## Task objective
Look below for the line with "时尚化妆刷上黑色石头纹理地板背景与设计空区域粉碎粉状粉底显示的高角度视图照片。"; begin the copy there and stop after the line with "visudo 명령을 이용해", keeping the text exact and the pictures out.

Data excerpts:
_ _ _ _ _ _ _

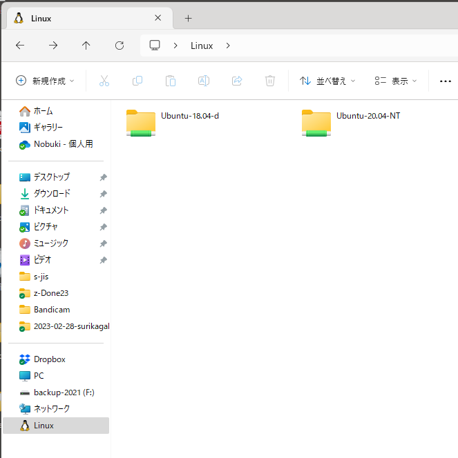 下図(エクスプローラ画面)の Ubuntu-20.04-NT (実習システムでは Ubuntu-20.04-k) の中の
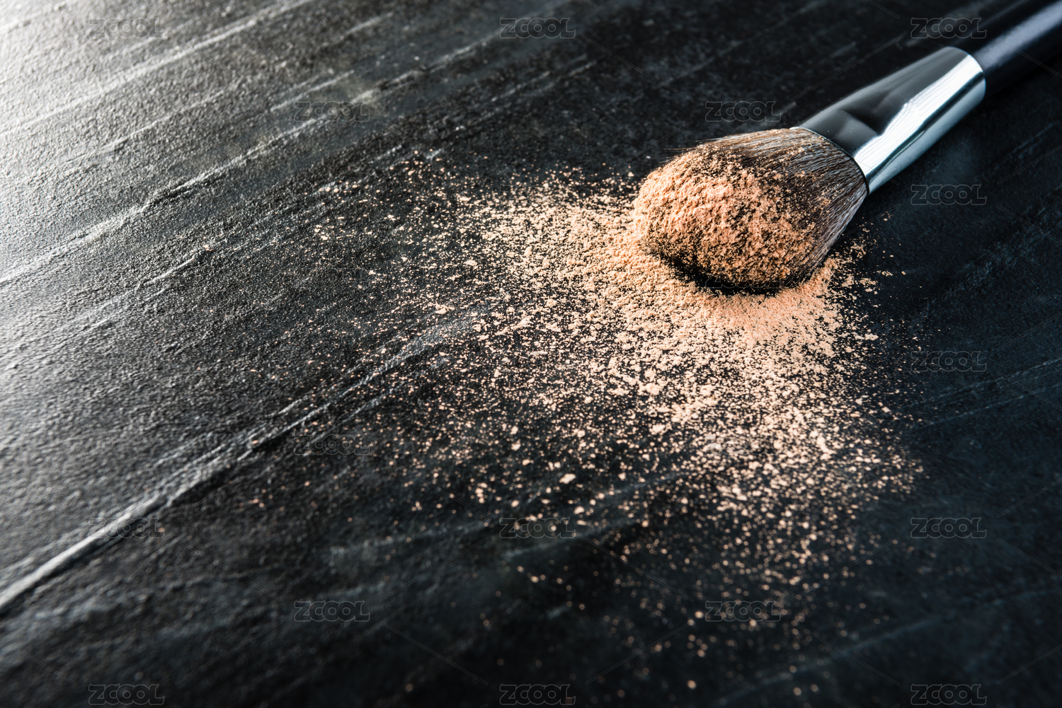 时尚化妆刷上黑色石头纹理地板背景与设计空区域粉碎粉状粉底显示的高角度视图照片。
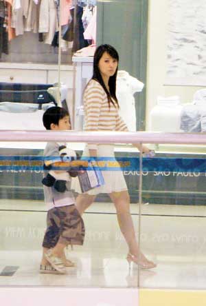 日前,伊能靜主演的新劇《三個女人的秘密》在北京殺青,從片場回到家中的伊能靜顧不上休息,又帶著助理和一個五六歲大的小男孩一起逛商場。伊能靜牽著兒子的手,高昂著頭,表情嚴(yán)肅,先逛了兩家首飾店,她看得很仔細(xì),但小哈利則顯得很不耐煩。后來伊能靜帶著兒子去了幾家兒童玩具店和文具店,最后他們一起來到商場里的一家餐廳吃飯。在伊能靜和兒子逛商場的過程中,雖然不時有人認(rèn)出她來,但沒有人上前去打擾他們,因為伊能靜表情冰冷,步子很快,并不像是一個溫柔體貼的母親,仍然還是一副明星派頭。
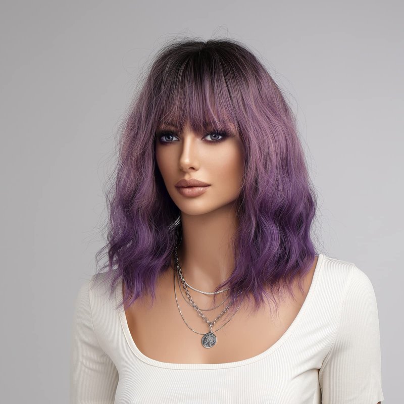 VKheroKV WS-02 Women's Wavy Wig With Hair Bang Shoulder Length Bob Wigs Synthetic Heat Resistant Natural Curly Wigs For Party Daily Cosplay (Ombre Purple)
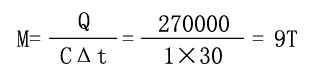 C-水的熱、t1-加熱前的水溫、t2-加熱后的水溫、i-在某壓力下進入管道汽水混合加熱器飽和蒸汽的熱焓kcal/kg(千卡/公斤)。D1-加熱器額定流量。
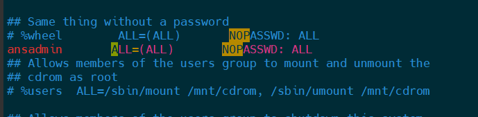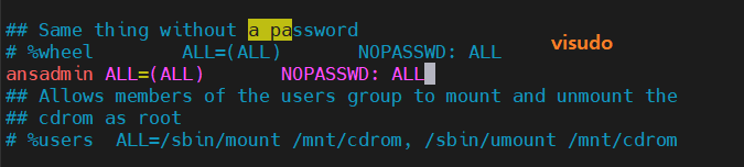 visudo 명령을 이용해 ansadmin에게 패스워드 입력 없이 서버를 사용할 수 있도록 권한을 부여한다.
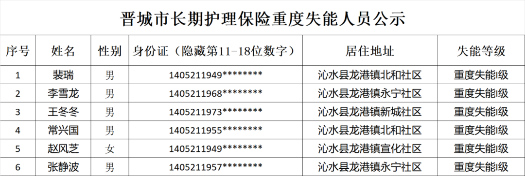 根据《长期护理失能等级评估标准(试行)》《晋城市长期护理保险失能评定管理办法(试行)》规定,经评定裴瑞、李雪龙等6位同志符合重度失能标准,现予以公示。
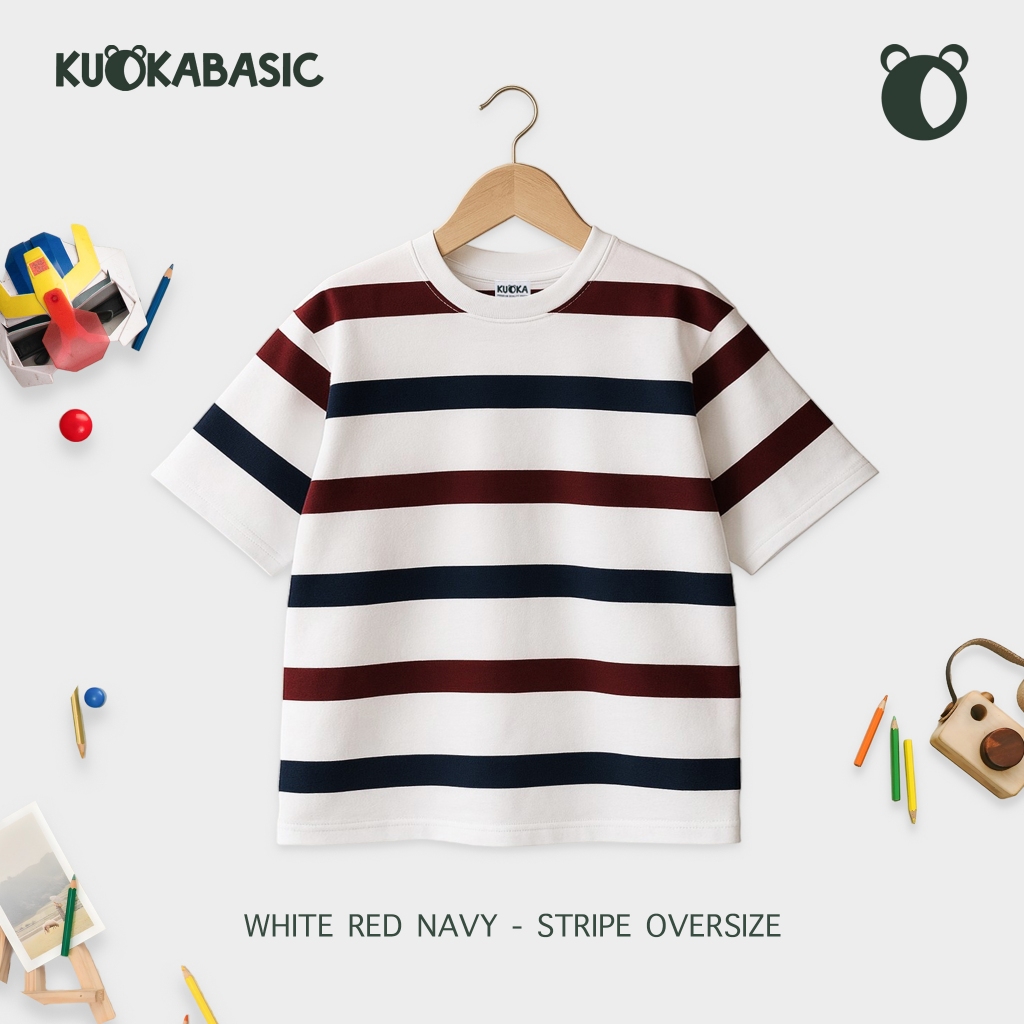 Kuokabasic Kaos Salur Anak Oversize | Kaos Stripe Anak Unisex | Baju Motif Garis Anak Premium 24S
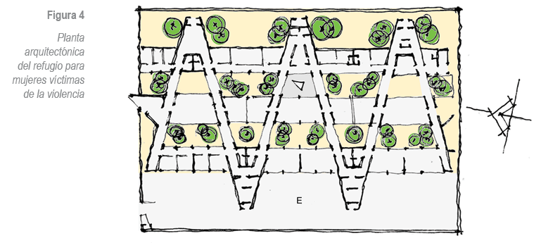 El inmueble se desarrolla en una planta arquitectónica que articula tres crujías ortogonales separadas por jardines longitudinales a cielo abierto, en donde la relación con la naturaleza, el sol y la lluvia busca una experiencia sensorial y una atmósfera estimulante de restauración emocional. Las crujías están atravesadas por circulaciones diagonales continuas que, además de generar espacios flexibles, proporciona al lugar una percepción abstracta de los espacios; es decir, es una arquitectura, que no solo diluye la estructura formal y reduce la sensación de aislamiento, sino que busca crear un ambiente seguro, flexible y dinámico, con espacios que fomentan la integración social y el apoyo mutuo entre las mujeres residentes (véase la Figura 4).
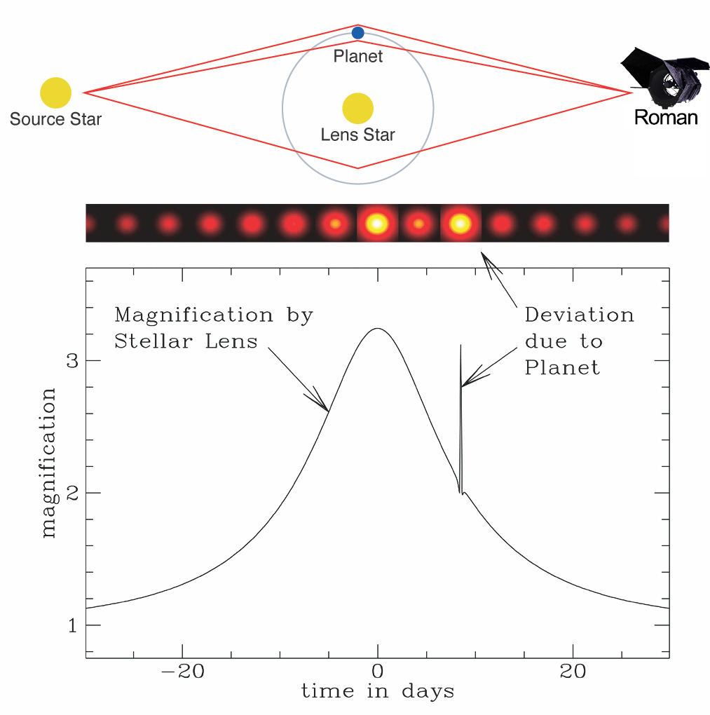¶The Nancy Grace Roman Space Telescope. Now that the JWST is deployed and could have a lifespan of 20 years 🎉 🥳, let’s talk about NASA’s next, next telescope. The wide-field infrared Nancy Grace Roman Space Telescope (née WFIRST) is scheduled to launch in 2025. Like JWST, it will also orbit at the Sun-Earth L2 point. The NGRST has two instruments: the Wide Field Instrument, a 300-megapixel camera with a Hubble-class 2.4 m aperture, but 100x the field of view, and the Coronagraph Instrument, for imaging and spectroscopy of nearby exoplanets. It is predicted to find 100,000 transiting exoplanets via both transit detection and microlensing. Microlensing occurs when, from our perspective, a star passes in front of a more distant star, and light from the further star is distorted by the gravity of the closer star and any exoplanets—the spatial and temporal difference in distortion due to the additional mass of one or more exoplanets is a telltale sign of their presence. Of the 4,884 exoplanets discovered so far, only 120 were found through microlensing. Through this technique, NGRST should be able to detect planets smaller than Earth—possibly approaching the size of moons like Ganymede—as well as stellar-mass black holes and rogue planets that are wandering the galaxy after having been ejected from their host stars. There is a proposal for a follow-on mission called the Starshade Rendezvous Probe (paper) which would add a 26 m starshade that would precisely position itself far in front of the telescope and allow direct imaging of nearby Earth-like exoplanets. The petal-shaped starshade would fly 20,000 to 40,000 km ahead of the telescope while maintaining a positional accuracy of only 1 meter, precisely blocking a star’s light but not the glow of its exoplanets. No big deal. This add-on mission would serve as a test ahead of even larger starshade companions to future observatories such as those called for by last year’s decadal survey. |
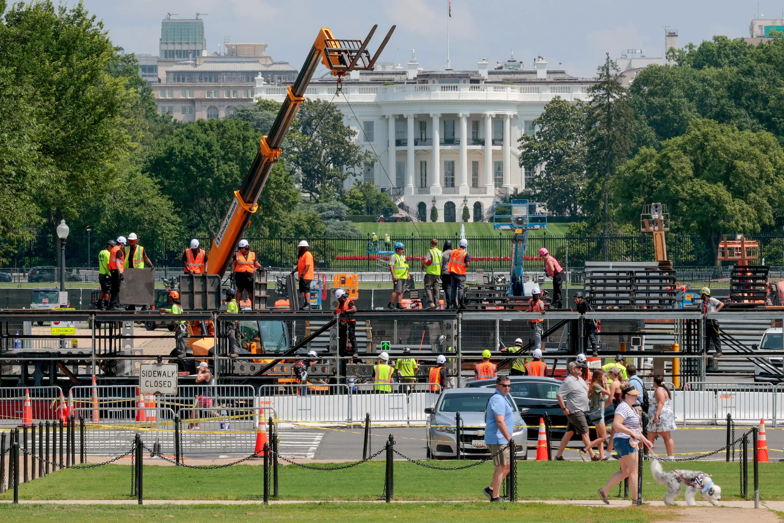 Prezidentská tribuna je postavena 6. června 2025 na Constitution Avenue NW, na Ellipse jižně od Bílého domu. Americká armáda oslaví 250. výročí svého vzniku přehlídkou po National Mall, které se zúčastní 6 500 vojáků, 150 vozidel a 50 letadel. Chip Somodevilla/Getty Images
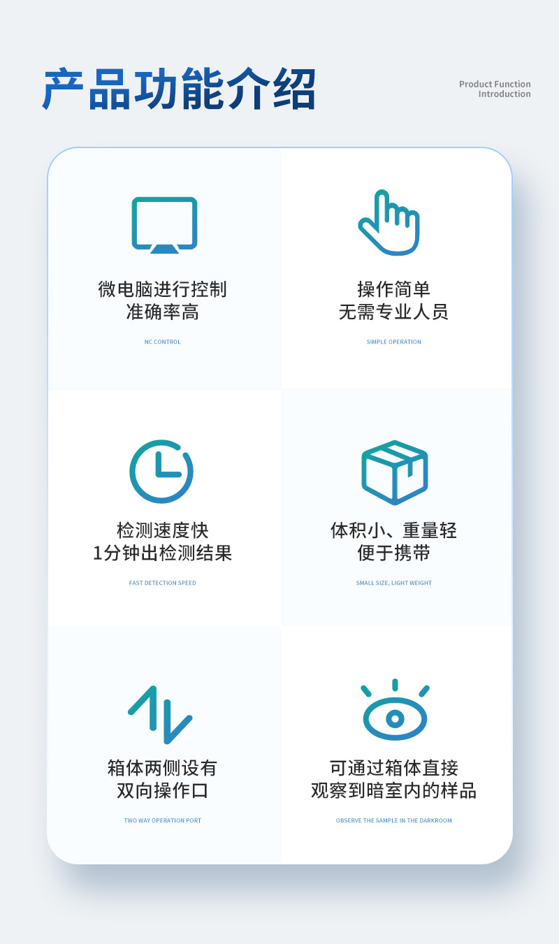 | ★1、采用微電腦進行控制,準確率高 | ★2、操作簡單,無需專業(yè)人員 | ★3、檢測速度快,1分鐘出檢測結果 | ★4、體積小、重量輕、便于攜帶 |
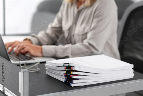 Businesswoman working with laptop at grey table in office, focus on documents. Space for text
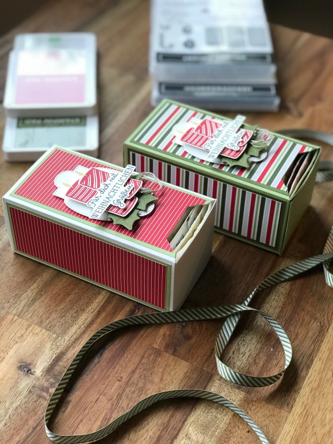 Merci, dass es dich gibt, sagt diese Schokoladenbox im Kartenformat. Mit Platz für 6 kleine Riegelchen, für kleine Anhängerchen mit netten Grüßen ist sie ein echter Allrounder, den du zu jedem Anlass verschenken und immer wieder nachbasteln kannst. Optional kannst du Stempelsets und Anhängerstanze dazubuchen – ein MUSS für jeden Bastler, der Anhänger und Verpackungen liebt.
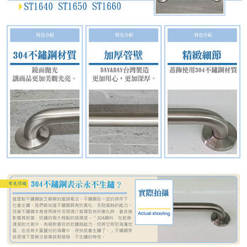 品名:絲光 安全扶手-50CM 貨號:ST1650 材質:#304 不鏽鋼 尺寸:50CM/10分管
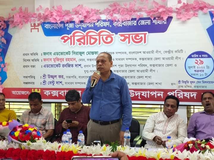 এতে বিশেষ অতিথির বক্তব্যে কক্সবাজার পৌর আওয়ামী লীগের সভাপতি নজিবুল ইসলাম বলেন, সাম্প্রদায়িক অপশক্তি রুখে দিতে পূজা উদযাপন পরিষদকে সামাজিক সচেতনতা বাড়াতে হবে। জেলা পূজা উদযাপন পরিষদের সাধারন সম্পাদক বেন্টু দাশের সঞ্চালনায় অনুষ্ঠিত উক্ত পরিচিতি সভায় বক্তব্যে রাখেন-সহ সভাপতি রতন দাশ, অধ্যাপক অজিত দাশ, উদয় শংকর পাল মিঠু, স্বপন পাল নাজির, সুদাম কান্তি দাশ, স্বরুপম পাল পাঞ্জু, দীপক শর্মা দিপু, সিনিয়র কর্মকর্তা অধ্যাপক প্রিয়তোষ শর্মা চন্দন, কোষাধ্যক্ষ স্বপন গুহ, সহ-সাংগঠনিক সম্পাদক বিপ্লব মল্লিক শুভ, মহিলা সম্পাদক দিপ্তি শর্মা, কক্সবাজার সদর উপজেলা সভাপতি এডভোকেট বাপপী শর্মা, কক্সবাজার পৌর সাধারণ সম্পাদক জনি ধর, রামু উপজেলা সভাপতি তপন মল্লিক, ঈদগাঁও উপজেলা সভাপতি মৃণাল আচার্য্য, চকরিয়া উপজেলা সভাপতি তপন দাশ, পৌর সভাপতি টিটু বসাক, পেকুয়া উপজেলা সভাপতি সুমন বিশ্বাস, কুতুবদিয়া উপজেলা সভাপতি অধ্যাপক সমির কান্তি দাশ, মহেশখালী উপজেলা সভাপতি ব্রজ গোপাল ঘোষ, টেকনাফ উপজেলা সভাপতি শিবপদ ভট্টাচার্য, কক্সবাজার পৌর সহ সভাপতি সুজন শর্মা জন। এছাড়া উপস্থিত ছিলেন- কক্সবাজার পৌর সভাপতি তপন দাশ, কক্সবাজার সদর উপজেলার সাধারণ সম্পাদক সাংবাদিক বলরাম দাশ অনুপম, রামু উপজেলা সাধারন সম্পাদক সদ্বিপ শর্মা, ঈদগাঁও উপজেলা সাধারন সম্পাদক জিকু দাশ সুব্রত, চকরিয়া উপজেলা সাধারন সম্পাদক বাবলা দেবনাথ, পেকয়া উপজেলা সাধারন সম্পাদক সুকুমার দেবনাথ, মহেশখালী উপজেলা সাধারন সম্পাদক কাউন্সিলর প্রনব কুমার দে, জেলা পূজা উদযাপন পরিষদের যুগ্ম সাধারণ সম্পাদক কাঞ্চন দাশ, স্বপন দাশ, মিটন পাল, সাংগঠনিক সম্পাদক মিটন দাশ মিন্টু, সহ কোষাধ্যক্ষ সুবীর চৌধুরী, দপ্তর সম্পাদক প্রিতম ধর, সহ দপ্তর সম্পাদক শুভ দাশ, প্রচার সম্পাদক অজিত কুমার দাশ হিমু, সহ প্রচার সম্পাদক শিপন পাল, সাংস্কৃতিক সম্পাদক প্রদীপ পাল, সহ- সাংষ্কৃতিক সম্পাদক দেবাশীষ পাল দেবু, সমাজ কল্যাণ সম্পাদক সাগর পাল সাজু, সহ মহিলা সম্পাদক সুমা দাশ, পূজা বিষয়ক সম্পাদক মিঠুন কান্তি দে, সহ পূজা বিষয়ক সম্পাদক প্রসেনজিত সেন বাপ্পা, কার্যনির্বাহী সদস্য বিশ্বজিত পাল বিশু, শাওন চক্রবর্তী জনি। অনুষ্ঠানের শুরুতেই পবিত্র গীতা পাঠ করেন সদর উপজেলা পূজা উদযাপন পরিষদের যুগ্ম সাধারণ সম্পাদক ও জেলা সৎসঙ্গ মন্দিরের পুরোহিত প্রিয়তোষ কান্তি দে।
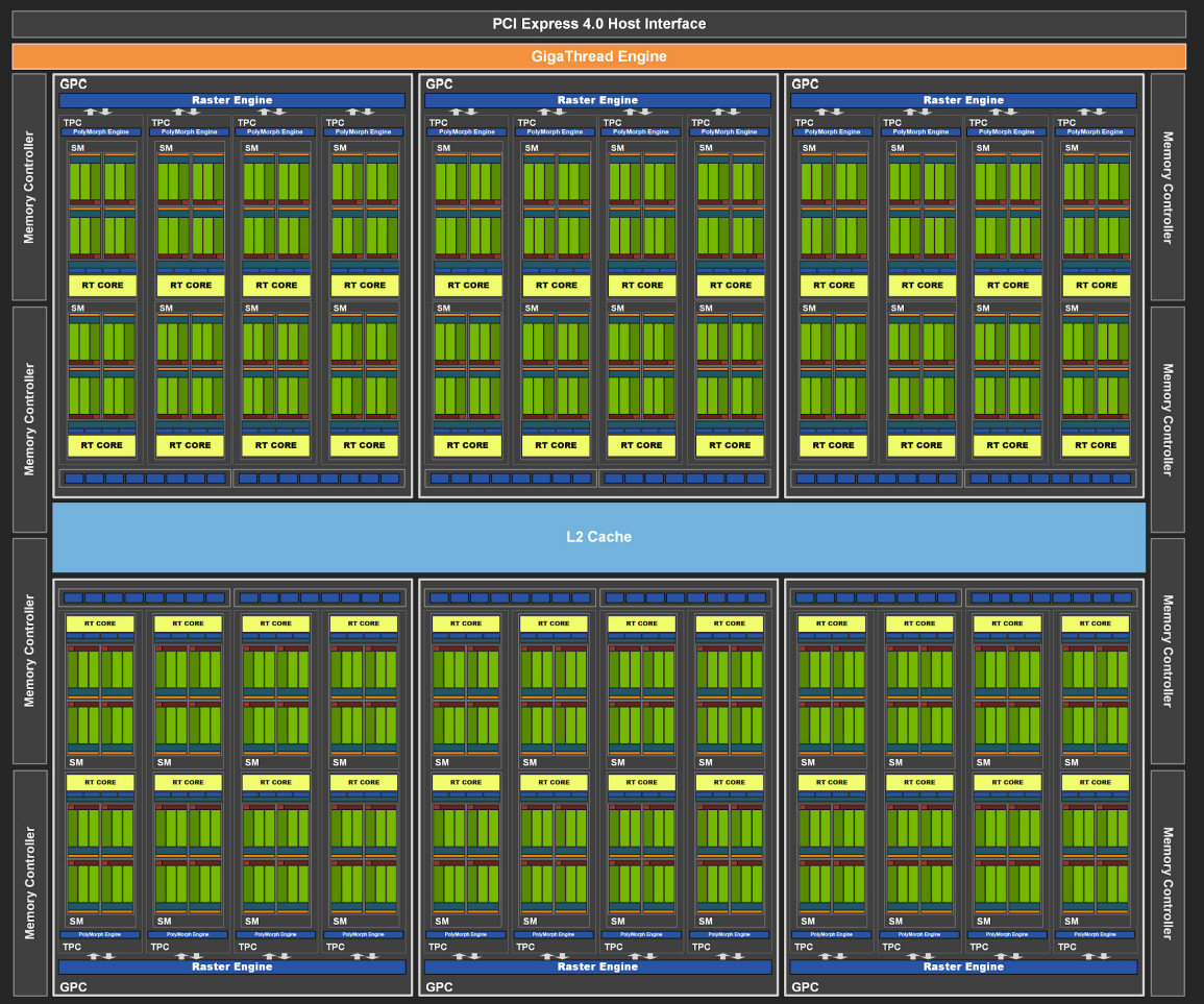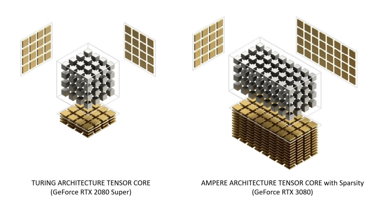 RT Core yang baru di Ampere ini diklaim bisa melakukan kalkulasi Ray/Triangle Intersection hingga 2x lebih banyak dari 1st Gen RT Core pada Turing, serta Tensor Core baru dengan dukungan berbagai tipe data seperti TensorFloat-32 / bfloat16 misalnya, dan juga diklaim memiliki throughput lebih besar berkat dukungan Neural Network Sparsity .

_ _ _ _ _ _ _

## Answer space
 时尚化妆刷上黑色石头纹理地板背景与设计空区域粉碎粉状粉底显示的高角度视图照片。
 日前,伊能靜主演的新劇《三個女人的秘密》在北京殺青,從片場回到家中的伊能靜顧不上休息,又帶著助理和一個五六歲大的小男孩一起逛商場。伊能靜牽著兒子的手,高昂著頭,表情嚴(yán)肅,先逛了兩家首飾店,她看得很仔細(xì),但小哈利則顯得很不耐煩。后來伊能靜帶著兒子去了幾家兒童玩具店和文具店,最后他們一起來到商場里的一家餐廳吃飯。在伊能靜和兒子逛商場的過程中,雖然不時有人認(rèn)出她來,但沒有人上前去打擾他們,因為伊能靜表情冰冷,步子很快,并不像是一個溫柔體貼的母親,仍然還是一副明星派頭。
 VKheroKV WS-02 Women's Wavy Wig With Hair Bang Shoulder Length Bob Wigs Synthetic Heat Resistant Natural Curly Wigs For Party Daily Cosplay (Ombre Purple)
 C-水的熱、t1-加熱前的水溫、t2-加熱后的水溫、i-在某壓力下進入管道汽水混合加熱器飽和蒸汽的熱焓kcal/kg(千卡/公斤)。D1-加熱器額定流量。
 visudo 명령을 이용해 ansadmin에게 패스워드 입력 없이 서버를 사용할 수 있도록 권한을 부여한다.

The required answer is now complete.